_Assigned task_: Copying starts at the line containing "Vネックノースリーブレースロングワンピース ホワイト 白" and stops after the last line of the records; each line is repeated exactly, and pictures are skipped.

◆ ◆ ◆ ◆

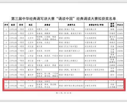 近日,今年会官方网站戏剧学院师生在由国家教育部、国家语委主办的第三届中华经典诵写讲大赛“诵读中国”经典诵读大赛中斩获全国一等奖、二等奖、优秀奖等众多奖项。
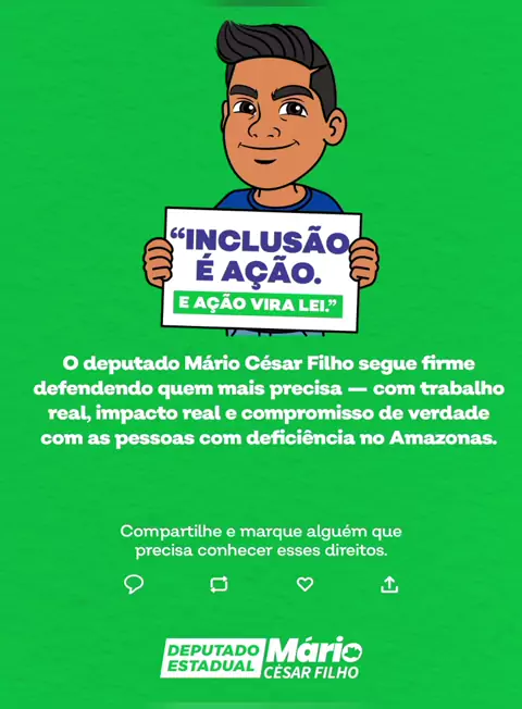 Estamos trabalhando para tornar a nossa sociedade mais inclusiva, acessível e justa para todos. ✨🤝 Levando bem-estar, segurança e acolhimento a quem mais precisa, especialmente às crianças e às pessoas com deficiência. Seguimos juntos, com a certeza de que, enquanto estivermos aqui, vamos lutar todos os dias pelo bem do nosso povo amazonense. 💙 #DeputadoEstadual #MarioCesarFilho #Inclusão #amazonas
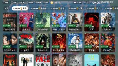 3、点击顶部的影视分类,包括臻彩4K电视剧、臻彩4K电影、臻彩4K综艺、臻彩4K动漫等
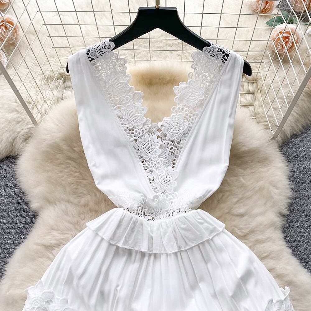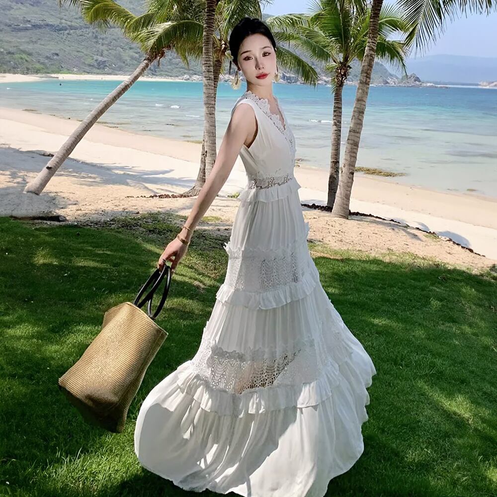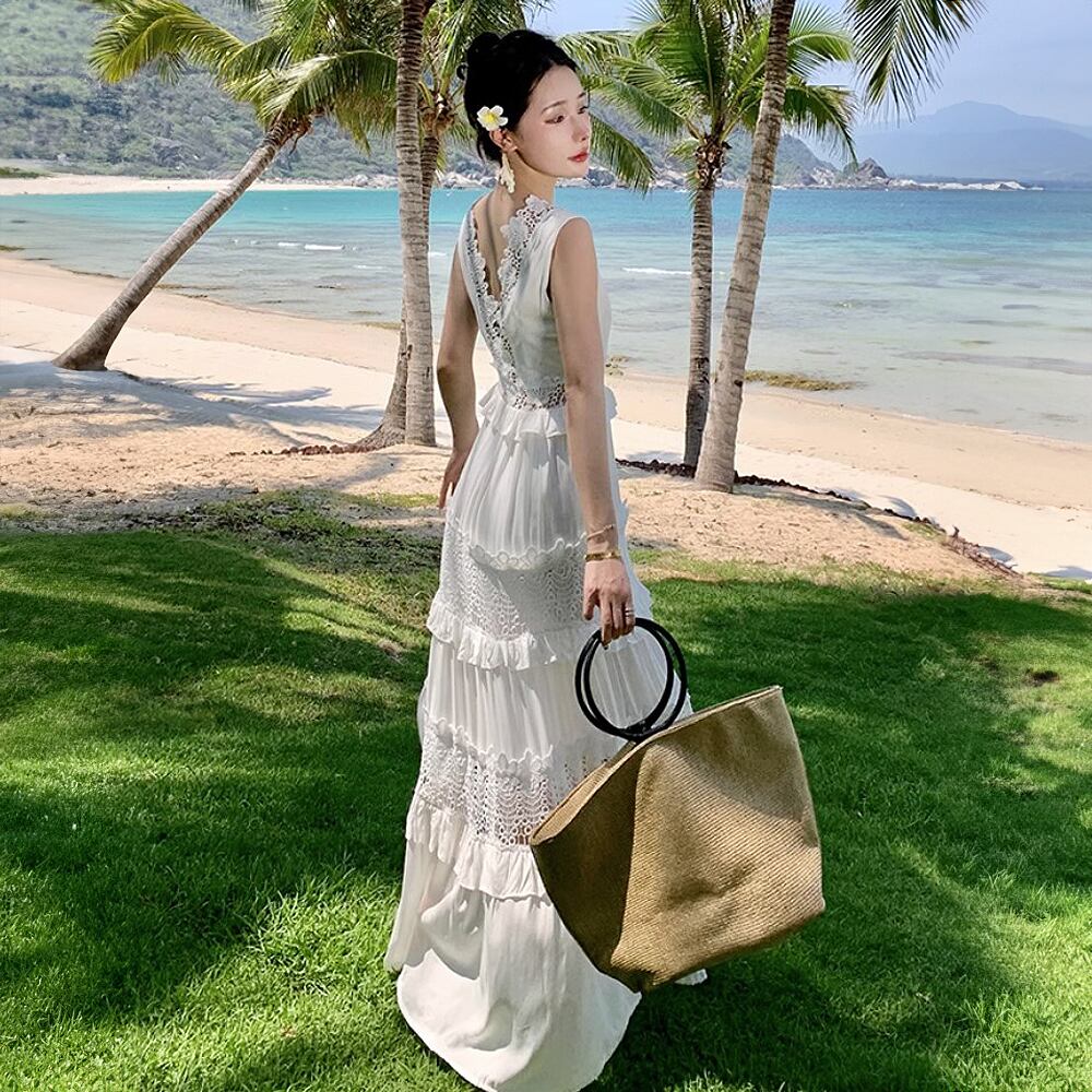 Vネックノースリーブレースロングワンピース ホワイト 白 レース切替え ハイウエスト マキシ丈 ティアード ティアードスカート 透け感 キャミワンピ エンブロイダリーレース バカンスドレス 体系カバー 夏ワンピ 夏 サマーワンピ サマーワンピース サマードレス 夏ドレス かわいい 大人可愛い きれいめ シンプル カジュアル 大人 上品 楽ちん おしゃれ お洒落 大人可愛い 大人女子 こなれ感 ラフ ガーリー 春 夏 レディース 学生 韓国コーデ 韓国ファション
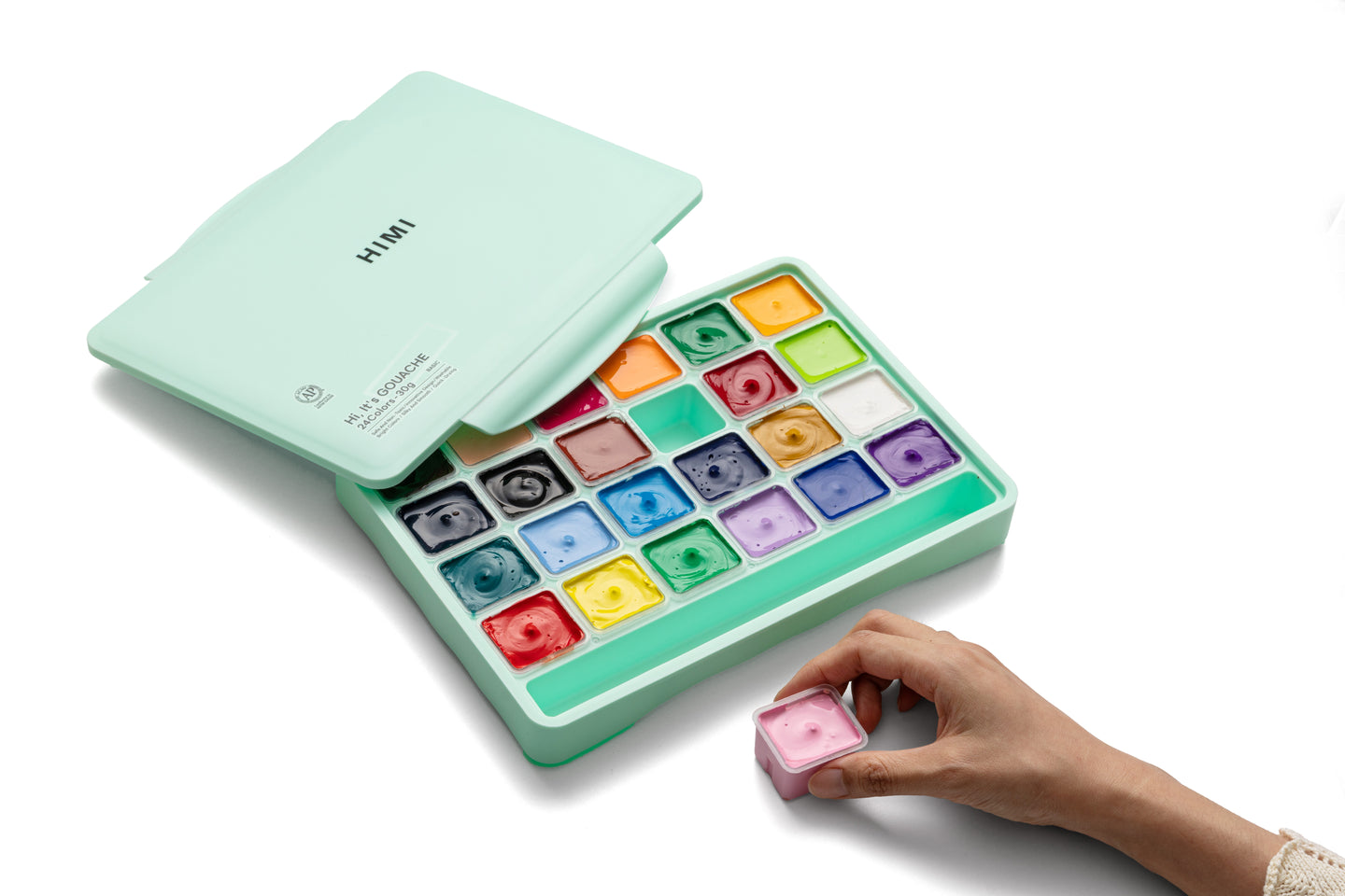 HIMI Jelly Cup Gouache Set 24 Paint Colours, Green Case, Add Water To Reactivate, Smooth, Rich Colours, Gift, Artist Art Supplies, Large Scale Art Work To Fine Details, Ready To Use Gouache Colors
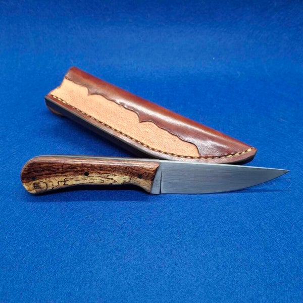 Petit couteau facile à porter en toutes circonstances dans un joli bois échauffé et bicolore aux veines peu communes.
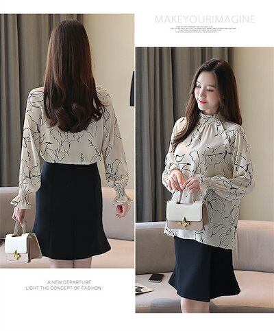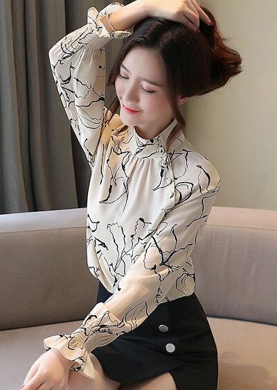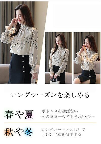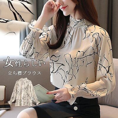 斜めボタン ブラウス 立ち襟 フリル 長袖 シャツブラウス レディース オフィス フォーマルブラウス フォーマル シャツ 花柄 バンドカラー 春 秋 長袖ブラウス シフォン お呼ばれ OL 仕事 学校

◆ ◆ ◆ ◆

_Answer_:
 Vネックノースリーブレースロングワンピース ホワイト 白 レース切替え ハイウエスト マキシ丈 ティアード ティアードスカート 透け感 キャミワンピ エンブロイダリーレース バカンスドレス 体系カバー 夏ワンピ 夏 サマーワンピ サマーワンピース サマードレス 夏ドレス かわいい 大人可愛い きれいめ シンプル カジュアル 大人 上品 楽ちん おしゃれ お洒落 大人可愛い 大人女子 こなれ感 ラフ ガーリー 春 夏 レディース 学生 韓国コーデ 韓国ファション
 HIMI Jelly Cup Gouache Set 24 Paint Colours, Green Case, Add Water To Reactivate, Smooth, Rich Colours, Gift, Artist Art Supplies, Large Scale Art Work To Fine Details, Ready To Use Gouache Colors
 Petit couteau facile à porter en toutes circonstances dans un joli bois échauffé et bicolore aux veines peu communes.
 斜めボタン ブラウス 立ち襟 フリル 長袖 シャツブラウス レディース オフィス フォーマルブラウス フォーマル シャツ 花柄 バンドカラー 春 秋 長袖ブラウス シフォン お呼ばれ OL 仕事 学校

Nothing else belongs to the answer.